An annual preventive maintenance alignment will tell you if anything has changed. If it has, some usually minor adjustments will put you back in business. If you wait until you actually feel a change in the steering, or notice a high-speed wander, some serious changes have already taken place, and the repair bill will test the limits of your Visa card.
There are several ways to decide if an alignment is really necessary. First, check the tread depth of your tires on a regular basis. Uneven tire wear is a dead giveaway that your Corvette needs help. All four tires should wear evenly across the tread. There shouldn't be any difference in the wear on any corner of the Corvette, or across the tread of any given tire. Anytime you notice excessive tire edge wear, beware-you have an alignment problem.

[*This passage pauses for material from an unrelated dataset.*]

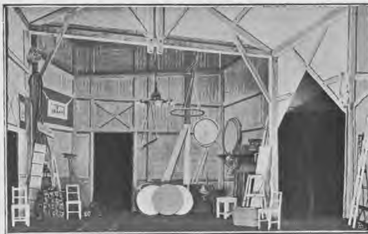
Decoración del acto II.

Toda esta evocación acuarelista y romántica vive con toda hermosura en la obra de Gregorio Martínez Sierra y Santiago Rusiñol, sobre todo en sus dos primeros actos, que son los mejores de la obra. Pero bajo toda esta apariencia, como el corazón bajo el vestido de Arlequín, palpita y vibra la vida con todas sus pasiones y todo su largo cortejo de sufrimientos. El acierto de los Sres. Martínez Sierra y Rusiñol al descubrir y presentar este ambiente ha sido grande. Como autores dramáticos han escrito una obra extraordinariamente teatral; la maestría de la pintura de los

Another dead giveaway is having to steer your Corvette constantly while you drive down the road. Any Corvette, of any year, should go down a straight road without steering input. Steering wander at highway speeds is a definite sign of a problem. It might be because of accumulated chassis wear, but it's a sure sign that your wheels are not pointed in the appropriate direction.
Where Do You Go For An Alignment?
Finding someone to align your Corvette is getting to be a major problem. There are very few people left in the service industry who can align a Corvette properly. I used to train technicians, and only about 10 percent of the people who claim to be alignment specialists have any real knowledge of what they're doing. It takes a certain amount of intelligence, and a lot of experience, to do the job properly. Very few shops can attract and hold this type of service technician.
There's no special type of service center that's better than another. Your Corvette needs an outstanding alignment specialist, whatever type of shop they work in. They might be at a local tire center, or at an independent garage. You might even find one at the local Chevrolet dealership. It isn't that the Corvette is so difficult to align-it's just that most of us are very picky about the way we want our Corvettes to drive.